We had several uses for the SearchT abstraction—notably, in our ARC solver (which I will describe next), and for mining constructions and conjectures from geometry diagrams.

Warm-up: The Abstraction and Reasoning Challenge (ARC)

The first thing I worked on was a solver for Kaggle’s Abstraction and Reasoning Challenge. The task was to build a solver that could pass what was essentially a battery of psychometric intelligence tests (see Francois Chollet’s preprint for more motivation). Here’s a typical task:

This is an unforgiving few-shot learning problem: there are only a handful of training examples per task, and the answers for the test inputs, including the exact grid dimensions, have to be an exact match.

Our solver was structured around SearchT and performed primarily backwards search, with lightweight caching in a global state. We essentially stored the problem statement and some local assumptions in a search-thread-local state, but ended up passing that around explicitly. The core definitions are quite simple (for simplicity, we suppress the choice point datatypes in SearchT):

data Goal a b = Goal {
  inputs     :: Ex a, -- bundles train inputs and test inputs
  outputs    :: [b], -- train labels
  synthCtx   :: SynthContext -- local context
  }

type StdGoal   = Goal (Grid Color) (Grid Color)

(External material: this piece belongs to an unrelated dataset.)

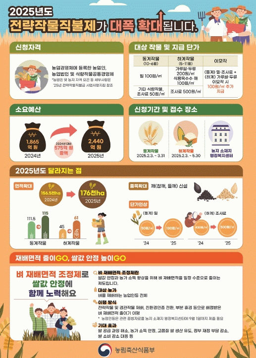 동계작물은 작년 가을 파종하여 ~ 봄에 수확하는 보리, 밀, 조사료 등이며 하계작물은 올해 봄에 파종하여 부터 가을에 수확하는 두류, 가루쌀, 하계 조사료 등이 대상으로, 품목에 따라 ha당 최대 500만원의 직불금을 지원한다.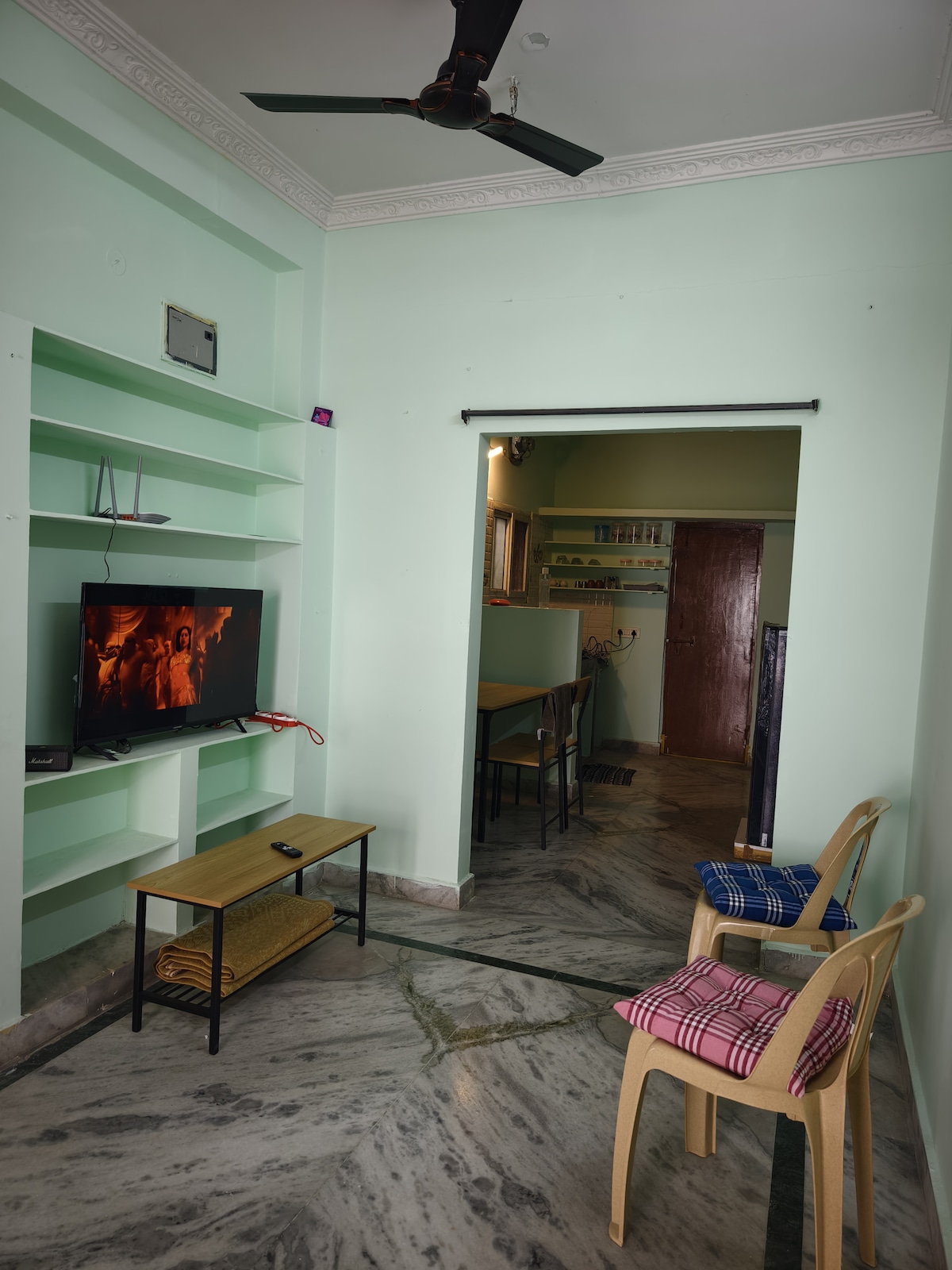 Situated in a calm residential area, this listing is perfect for couples . The house features two rooms, air conditioner in one. A living room with an installed projector and sound bar for state of the art entertainment, OTT available. Utensils are available and kitchen can be used for minor cooking, as long as the guest cleans up after themselves including the dishes and stove. We request that guests mention the correct number of people that are coming and also provide identity proof.

data SolverContext = SolverContext { ctxChecksum :: String }

data SolverState = SolverState {
  visitedGoals   :: Set StdGoal,
  parseCache     :: Map (Grid Color, Parse.Options) [Shape Color] }

type CoreM  = ReaderT SolverContext (StateT SolverState IO)
type SolveM = SearchT CoreM

Thus, given a StdGoal, we wish to search for output grids for the test inputs, i.e. execute a SolveM [Grid Color]. As SearchT is generic, one can execute a nested search for arbitrary data from inside of a SearchT program. This arose occasionally in ARC, for example when we wanted to synthesize a function from Int features for each input grid to some Int for each of the output grids. We handled this sort of task through a synthesis framework built around SearchT, motivated by deductive backpropagation. Here’s a prototypical example. Most of our Int -> Int synthesis tasks were handled by a function called synthInts2IntE, which is called with a list of Int features extracted from the problem, and uses SearchT to perform a top-down search for an arithmetic expression \(E\) which explains a list of training examples and produces test outputs. Every time this search branches, i.e. guesses what the next operation of \(E\) is, it propagates this guess to the training examples before recursing. For example, if for all training examples (x,y) the guess is that y = x + ?k, then before recursing we transform the training examples to (y - x, ?k), and check if ?k is exactly one of the precomputed Int features, or constant across all training examples. In this way we can explain arbitrarily complicated arithmetic expressions of Int features, like if the number of columns of the output grid is always \(3 N + 2\) where \(N\) is the number of red pixels in the input grid. We used synthInts2IntE to guess pixel positions, output grid dimensions, and tiling data. Here’s an example of it in action, from our test suite.

testSynthInts2IntE = describe "testSynthInts2IntE" $ do
  let phi1   = ("ascending",  0, Ex [1, 2, 3] [4, 5])
  let phi2   = ("descending", 0, Ex [3, 2, 1] [5, 4])
  let phi3   = ("random",     0, Ex [1, 7, 3] [2, 6])
  let phi4   = ("multiples",  0, Ex [10, 30, 20] [70, 60])
  let phi5   = ("mod3s",      0, Ex [4, 7, 11] [0, 1])
  let inputs = [phi1, phi2, phi3, phi4, phi5]

  it "const/input" $ do
    find1 synthInts2IntE (ESpecType inputs [40, 60, 120]) `shouldBe` [[24, 30]]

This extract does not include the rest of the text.